### Available data
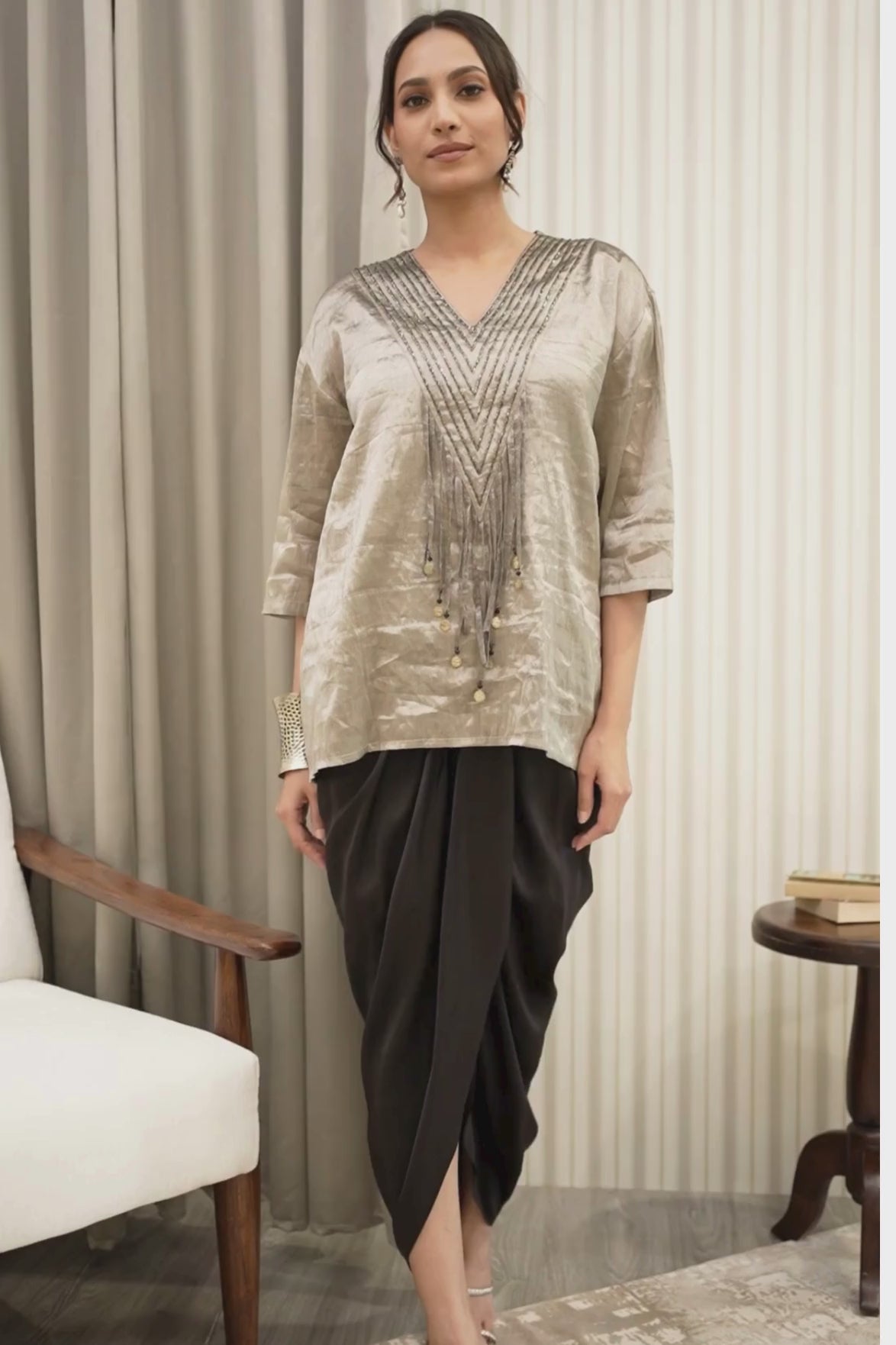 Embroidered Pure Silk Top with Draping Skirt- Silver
...
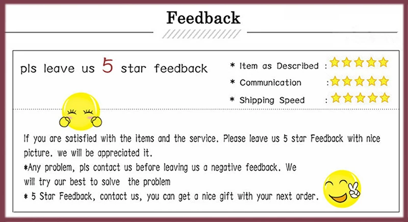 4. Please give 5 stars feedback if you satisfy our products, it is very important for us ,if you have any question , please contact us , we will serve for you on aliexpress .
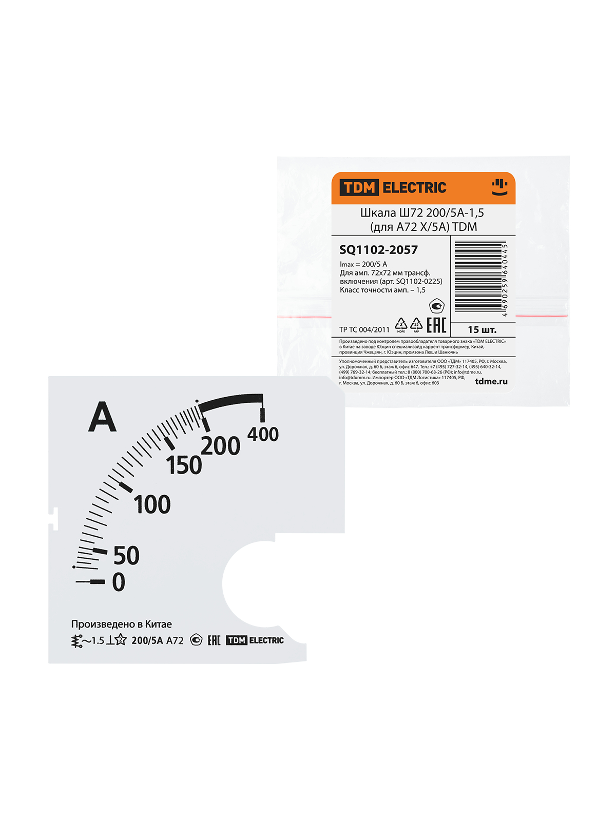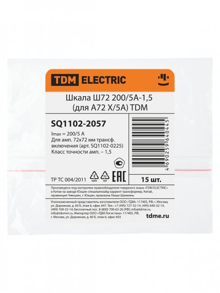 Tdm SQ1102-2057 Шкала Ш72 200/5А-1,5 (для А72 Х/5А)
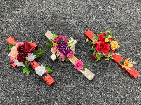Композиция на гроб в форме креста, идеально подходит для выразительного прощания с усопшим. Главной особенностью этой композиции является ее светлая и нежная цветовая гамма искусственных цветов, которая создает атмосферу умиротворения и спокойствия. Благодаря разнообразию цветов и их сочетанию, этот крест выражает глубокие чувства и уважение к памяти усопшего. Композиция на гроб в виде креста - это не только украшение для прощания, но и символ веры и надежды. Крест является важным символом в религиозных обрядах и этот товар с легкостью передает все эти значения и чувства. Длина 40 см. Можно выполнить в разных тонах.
--
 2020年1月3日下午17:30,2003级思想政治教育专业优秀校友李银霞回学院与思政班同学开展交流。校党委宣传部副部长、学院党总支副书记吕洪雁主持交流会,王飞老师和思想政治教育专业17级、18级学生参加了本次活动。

### Action item
Print from the line containing "4. Please give" through the line containing "Композиция на гроб в форме" in the data above, exactly as the lines stand, and omit every picture.

### Response
 4. Please give 5 stars feedback if you satisfy our products, it is very important for us ,if you have any question , please contact us , we will serve for you on aliexpress .
 Tdm SQ1102-2057 Шкала Ш72 200/5А-1,5 (для А72 Х/5А)
Композиция на гроб в форме креста, идеально подходит для выразительного прощания с усопшим. Главной особенностью этой композиции является ее светлая и нежная цветовая гамма искусственных цветов, которая создает атмосферу умиротворения и спокойствия. Благодаря разнообразию цветов и их сочетанию, этот крест выражает глубокие чувства и уважение к памяти усопшего. Композиция на гроб в виде креста - это не только украшение для прощания, но и символ веры и надежды. Крест является важным символом в религиозных обрядах и этот товар с легкостью передает все эти значения и чувства. Длина 40 см. Можно выполнить в разных тонах.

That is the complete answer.